[GOAL OF THE EXERCISE]
In the entries below, begin at the line with "El 23 de junio" and stop after the line with "MARGARITA ESTER ZAVALA GÓMEZ DEL CAMPO"; output those lines exactly and omit the pictures.

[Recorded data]
::::

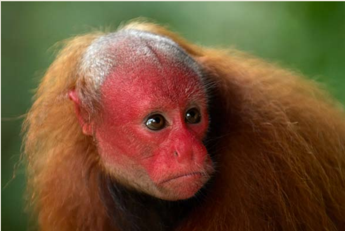
Huapo colorado ( Cacajao calvus ), primate seriamente amenazado en la Amazonía peruana. Diferentes expediciones a Sierra del Divisor han señalado que en la zona reservada las densidades del huapo colorado son bastante altas. Esto se debe en parte a que en este lugar, el huapo colorado no está sujeto a presión de caza, ya que los pobladores locales mencionan que no se le captura porque “parece humano”.

El 23 de junio de 2006 se instaló en Pucallpa la Comisión de Categorización de la Zona Reservada Sierra del Divisor, 15 encargada de formular una propuesta de ordenamiento territorial para su categorización. La Comisión tenía como integrantes a representantes de la Intendencia de Áreas Naturales Protegidas y de la Intendencia Forestal y de Fauna Silvestre de INRENA, los Gobiernos Regionales de Loreto y Ucayali, la Municipalidad Provincial de Ucayali (Contamana-Loreto), el Instituto Nacional de Desarrollo de los Pueblos Andinos, Amazónicos y Afroperuanos - INDEPA, la Asociación Interétnica de Desarrollo de la Selva Peruana - AIDSESP, la Confederación de Nacionalidades Amazónicas del Perú - CONAP, el Ministerio de Relaciones Exteriores, el Ministerio de Energía y Minas, ProNaturaleza y la Sociedad Peruana de Derecho Ambiental - SPDA. Asimismo, hubo actores (por ejemplo, colonos, organizaciones de la sociedad civil y empresas petroleras) que no participaron directamente en las reuniones de la Comisión de Categorización, pero incidieron de manera indirecta durante el proceso participando en los talleres de consulta y canalizando sus propuestas a través de los miembros de la Comisión.
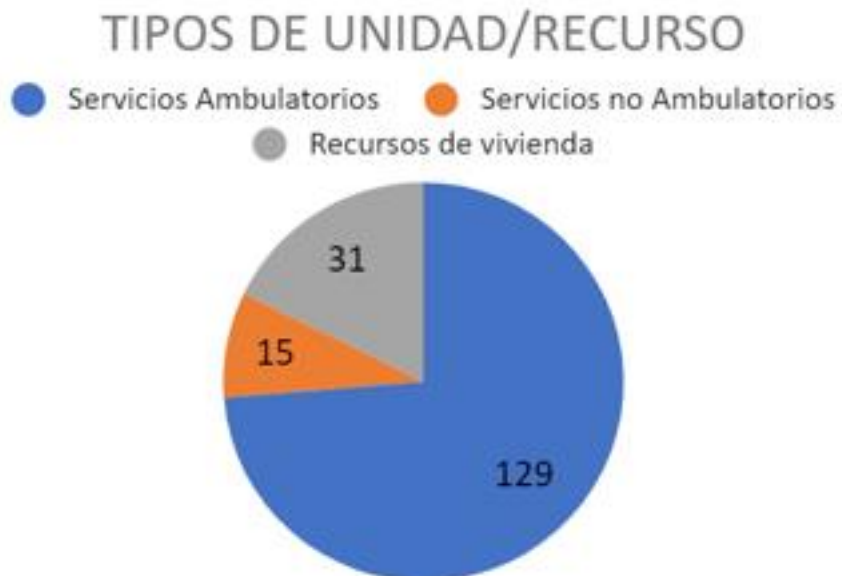
Figura 3 Tipos de unidad/recurso. Nota: Elaboración propia.
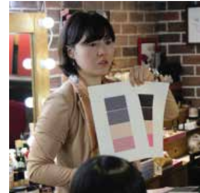
#비니하우스 #중국메이크업샵 #아티스트교육 # 퍼스널컬러특강 #메이크업시연
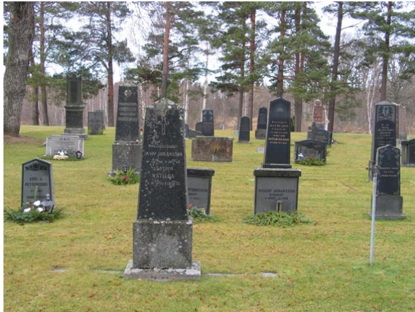
Tidstypiska vårdar från tidigt 1900-tal i kvarter I (KI Fågelfors kyrkog 052)
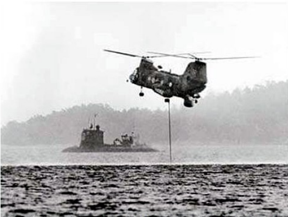
Ubåten Sjöhunden spärrar utloppet till Hårsfjärden oktober 1982. Helikopter med aktiv sonar i förgrunden.
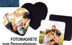
FOTOMAGNETE zum Personalisieren, von Cewe, ab ca. 15 €
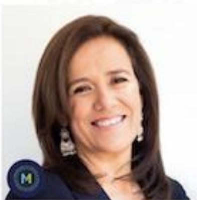
MARGARITA ESTER ZAVALA GÓMEZ DEL CAMPO
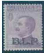
Esemplare nuovo da cent. 50 con soprastampa nera. (E)
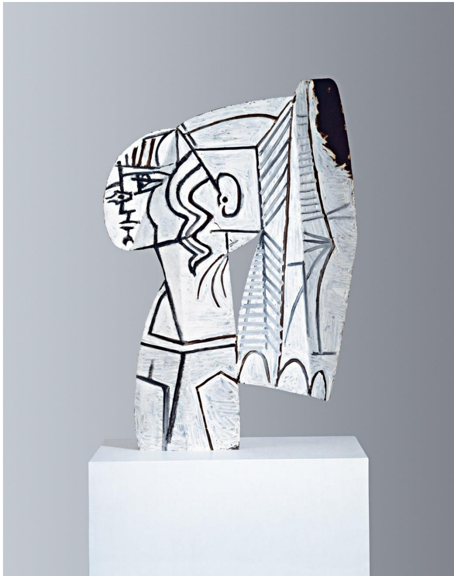
Pablo Picasso, Sylvette, 1956, beidseitige Ölmalerei auf ausgeschnittenem Metallblech, 69,9 x 47 x 1 cm © Succession Picasso / Bildrecht, Wien, 2018. Foto: Fondation Hubert Looser

Skulpturen und Arbeiten auf Papier. Sammlung Hubert Looser
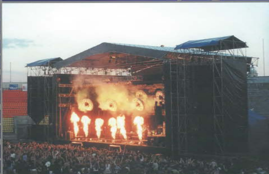
Концерт Rammstein «Mutter». Стадион «Петровский». Санкт-Петербург.
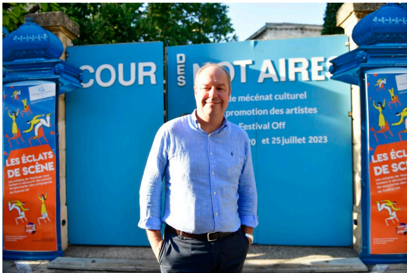
Alexandre Audemard, président de la Chambre des Notaires
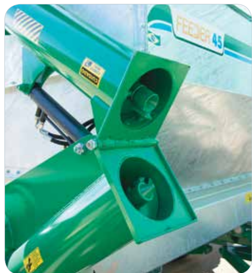
Rosca de descarga dobrável.
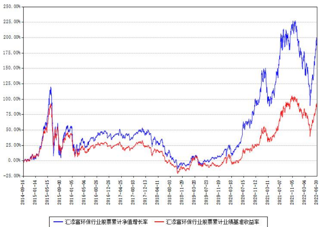
汇添富环保行业股票累计净值增长率与同期业绩基准收益率对比图
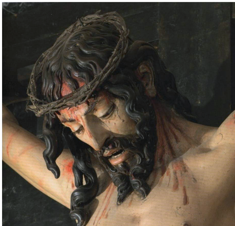
▪ Fig. 9. Gregorio Fernández: Cristo crucificado. Zaratán.
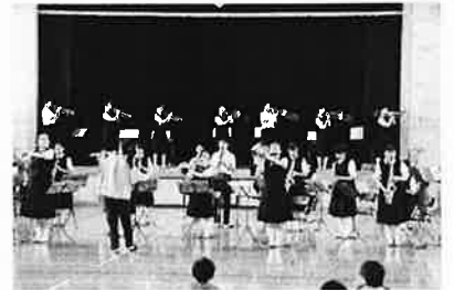
東二小にて、吹奏楽部ミニコンサート
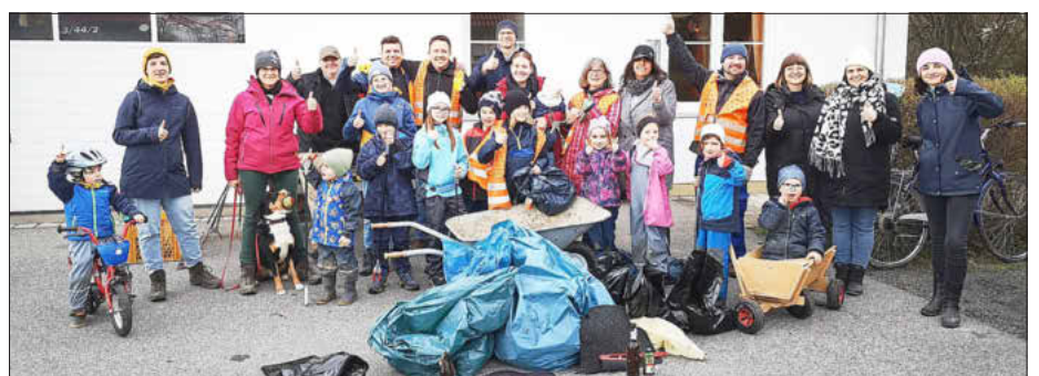
Die fleißigen Helfer beim Rama Dama

Mit gleich drei Aktionen begrüßte Meedendorf den Frühling. Mittlerweile 10 jährige Tradition hat bereits die jährliche Aufräumaktion „Rama Dama“ , die federführend von Markus Prediger organisiert wird. Dieses Jahr sind vier Gruppen von Kindern und Jugendlichen durch Wald und Flur gestreift, um Unrat aufzusammeln. Mit redlich verdienten Würstchen und „Schabeso“ (Limo) ist der Nachmittag noch zünftig ausgeklungen.
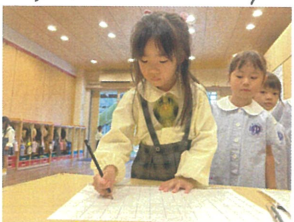
久しぶりの席替えは あやたくじで行いました
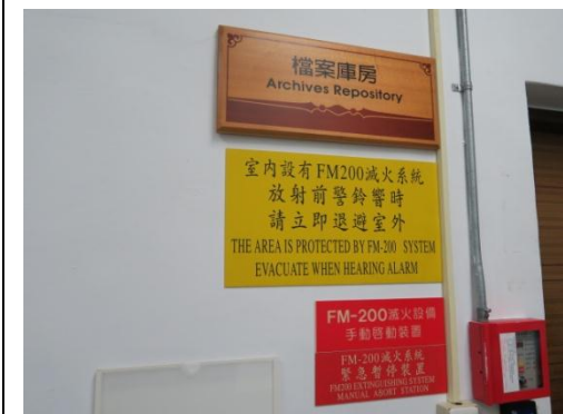
▲參觀嘉義大學第5屆獲金檔獎殊榮之檔案庫房_消防設備 FM200
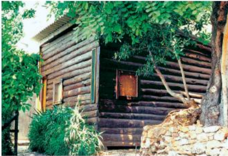
Cabanon Le Corbusier

optimales sont réunies, elle peut atteindre des tailles respectables. Une des particularités de sa croissance permet d'estimer facilement son âge. En effet, chaque année les rameaux se divisent pour en donner deux nouveaux, ni plus, ni moins. En comptant le nombre de fourches qui séparent l'extrémité d'une branche de la base du tronc on obtient donc l'âge de la plante.
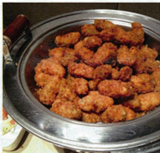
▲ふっふりの新鮮な牡蠣のフライがお腹いっぱい食べられる♪
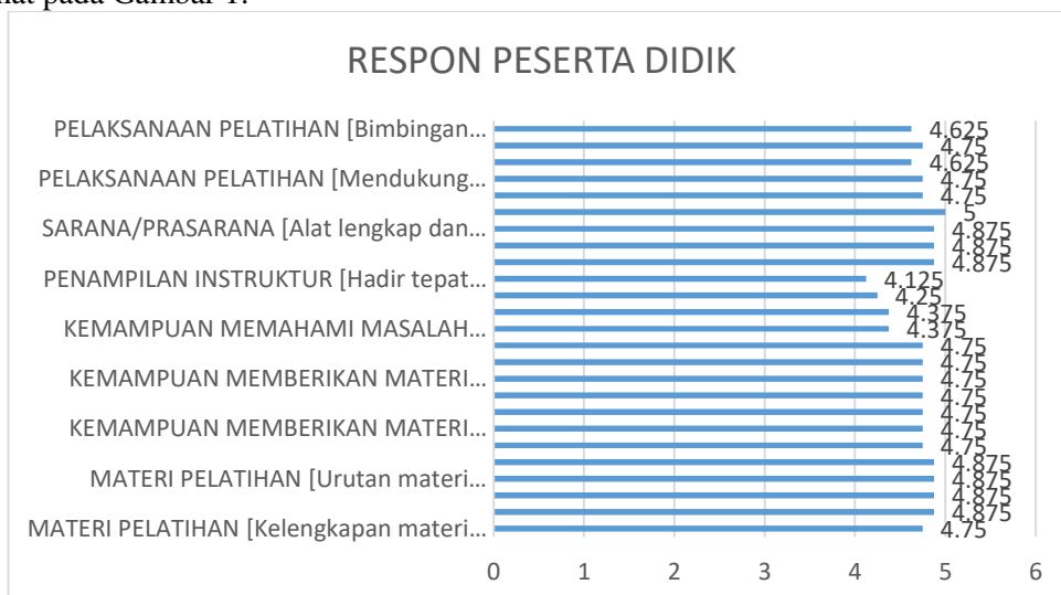
Gambar 1. Diagram batang respon siswa per indikator

Penampilan Instruktur, aspek penampilan instruktur mendapat skor bervariasi. Ketepatan waktu memperoleh skor 4,1, sedangkan indikator penggunaan pakaian kerja serta pemberian keteladanan masing-masing mendapat skor 4,9. Artinya, meskipun secara umum penampilan dinilai baik, aspek kedisiplinan waktu masih dapat ditingkatkan. Sarana dan Prasarana, peserta sangat puas dengan sarana dan prasarana pelatihan, terlihat dari skor yang sangat tinggi, yaitu 4,9 untuk kelengkapan alat serta 5,0 untuk kondisi peralatan yang baik dan siap pakai. Hal ini membuktikan bahwa fasilitas yang disediakan sangat mendukung kelancaran praktik. Pelaksanaan Pelatihan, pada aspek pelaksanaan, skor yang diperoleh berkisar antara 4,6–4,8. Pelatihan dianggap relevan dengan kebutuhan, mendukung pengetahuan baru, serta isi pelatihan mudah dikuasai. Namun, indikator bimbingan instruktur dalam praktik mendapat skor 4,6, yang meskipun baik, masih relatif lebih rendah dibanding aspek lain. Secara keseluruhan, respon peserta didik menunjukkan bahwa kegiatan pengabdian masyarakat ini berhasil meningkatkan pengetahuan dan keterampilan mereka dalam mengolah produk pangan berbahan dasar labu kuning. Materi, metode, serta sarana yang disiapkan mendapat apresiasi tinggi, sementara beberapa aspek seperti kedisiplinan waktu dan pendampingan intensif selama praktik dapat menjadi bahan evaluasi untuk pelaksanaan kegiatan di masa mendatang. Diagram batang respon siswa per indikator dapat dilihat pada Gambar 1.
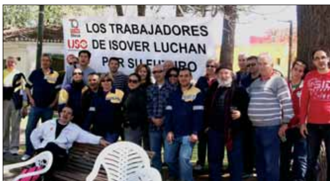
Trabajadores de Isover durante una comida celebrada en el Parque de La Constitución para visibilizar sus reivindicaciones laborales

Los trabajadores apoyaron el 24 de abril el principio de acuerdo sobre el Convenio
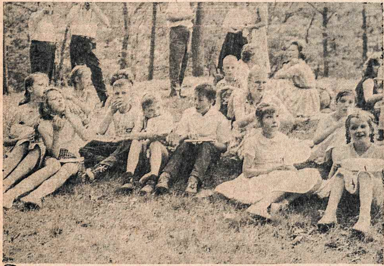
NEW YORKO ateitininkai moksleiviai iškyloje.
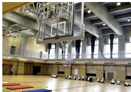
▲体育館にはバスケットゴールが半面と全面合わせて6つ設置されている。
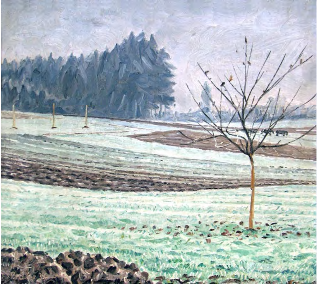
Jakob Bräckle Raureif 1935 Öl auf Leinwand, 39,5 x 43,5 cm Signiert und datiert
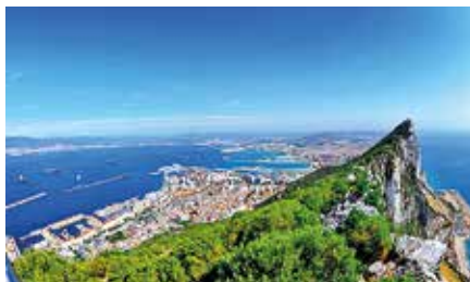
Vi besöker de två spännande exklaverna Gibraltar och Ceuta.

intressanta städer, Jerez de la Frontera och Cádiz. Till Jerez vallfärdar såväl hästtokiga som vinkännare från hela världen, tack vare den kungliga andalusiska ryttarskolan och stadens sherrybodegor. Vi gör en stadsrundtur och provsmakar sherry. Kuststaden Cádiz som är västlandets äldsta stad har en välbevarad stadsmur, livfull hamn och innanför den ligger små gränder och låga hus. Den moderna delen av staden ligger vid playan.
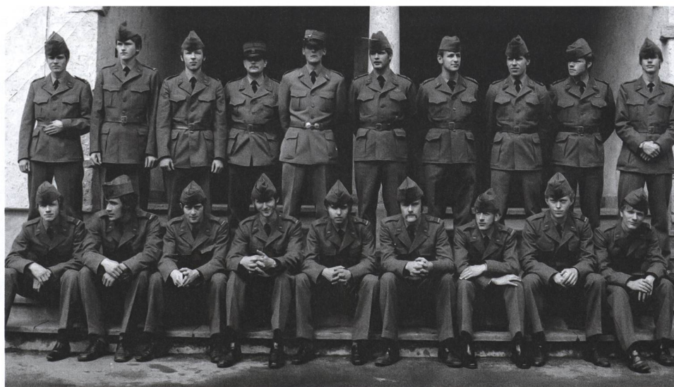
Die Fallschirmgrenadier-Rekruten des Jahrgangs 1971 mit ihren Kadern, Instruktoren und Fallschirmsprunglehrern. Damals...
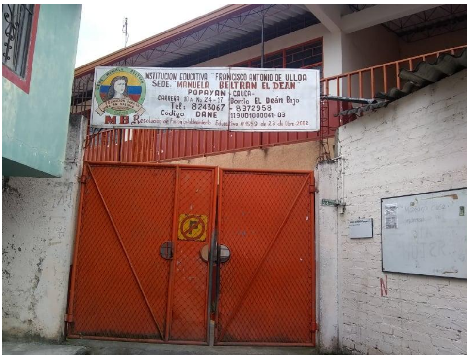
Figura 2. Fachada de la Institución Francisco Antonio de Ulloa, Sede Manuela Beltrán, Barrio Dean Bajo, Popayán.

Predominando en estos barrios las madres cabeza de familia, lo que incide en que deben trabajar todo el día en labores eventuales o del rebusque, lavado de ropa, reciclaje, servicio de aseo en casa, los padres, trabajan del rebusque como en transporte ilegal como moto taxista y otros oficios. Según, Palou (2008) “No podemos desligar todos los contextos en los que nace y crece el niño de un marco cultural, de una sociedad que tienen unas creencias, unos valores y unas leyes que le otorgan unas características que forman parte de todas las personas de esa comunidad”. (p. 59)
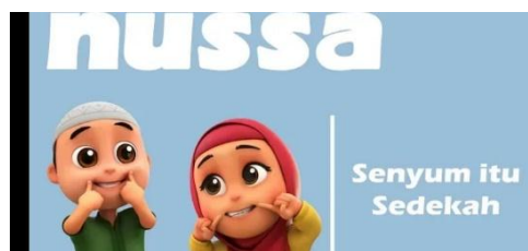
Gambar 1.12 Tampilan judul episode Nussa : Senyum Itu Sedekah
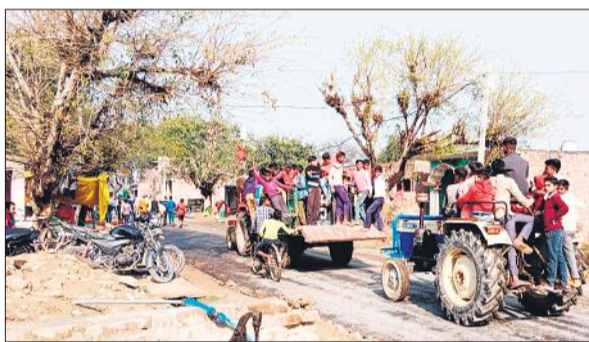
पूरार में ट्रैक्टर-ट्रॉली पर सवार बच्चे।

सामने से अचानक वाहन आने से ब्रेक लगते हैं तो हादसा होना का डर बना रहता है। इस समय कार्यक्रमों और समारोह में ट्रैक्टर-ट्रॉली का उपयोग लोगों को ले जाने में किया जा रहा है। ऐसे दृश्य किसी भी समय खुटार बंडा, पुवायां, गोला, मैलानी, पूरनपुर रोड पर देखा जा सकता
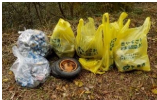
回収された不法投棄
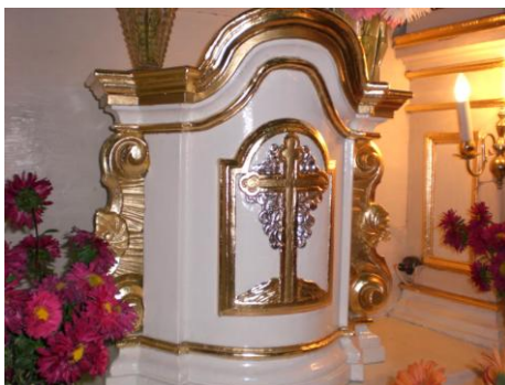
Tabernacol: vedere apropiată
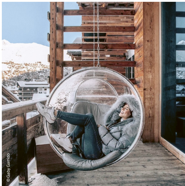
Au W Verbier, on se relaxe dans sa bulle, face aux panoramas montagnards, avant de rejoindre la terrasse après-ski du Off-Piste.

::::

[COMPLETED EXERCISE]
El 23 de junio de 2006 se instaló en Pucallpa la Comisión de Categorización de la Zona Reservada Sierra del Divisor, 15 encargada de formular una propuesta de ordenamiento territorial para su categorización. La Comisión tenía como integrantes a representantes de la Intendencia de Áreas Naturales Protegidas y de la Intendencia Forestal y de Fauna Silvestre de INRENA, los Gobiernos Regionales de Loreto y Ucayali, la Municipalidad Provincial de Ucayali (Contamana-Loreto), el Instituto Nacional de Desarrollo de los Pueblos Andinos, Amazónicos y Afroperuanos - INDEPA, la Asociación Interétnica de Desarrollo de la Selva Peruana - AIDSESP, la Confederación de Nacionalidades Amazónicas del Perú - CONAP, el Ministerio de Relaciones Exteriores, el Ministerio de Energía y Minas, ProNaturaleza y la Sociedad Peruana de Derecho Ambiental - SPDA. Asimismo, hubo actores (por ejemplo, colonos, organizaciones de la sociedad civil y empresas petroleras) que no participaron directamente en las reuniones de la Comisión de Categorización, pero incidieron de manera indirecta durante el proceso participando en los talleres de consulta y canalizando sus propuestas a través de los miembros de la Comisión.
Figura 3 Tipos de unidad/recurso. Nota: Elaboración propia.
#비니하우스 #중국메이크업샵 #아티스트교육 # 퍼스널컬러특강 #메이크업시연
Tidstypiska vårdar från tidigt 1900-tal i kvarter I (KI Fågelfors kyrkog 052)
Ubåten Sjöhunden spärrar utloppet till Hårsfjärden oktober 1982. Helikopter med aktiv sonar i förgrunden.
FOTOMAGNETE zum Personalisieren, von Cewe, ab ca. 15 €
MARGARITA ESTER ZAVALA GÓMEZ DEL CAMPO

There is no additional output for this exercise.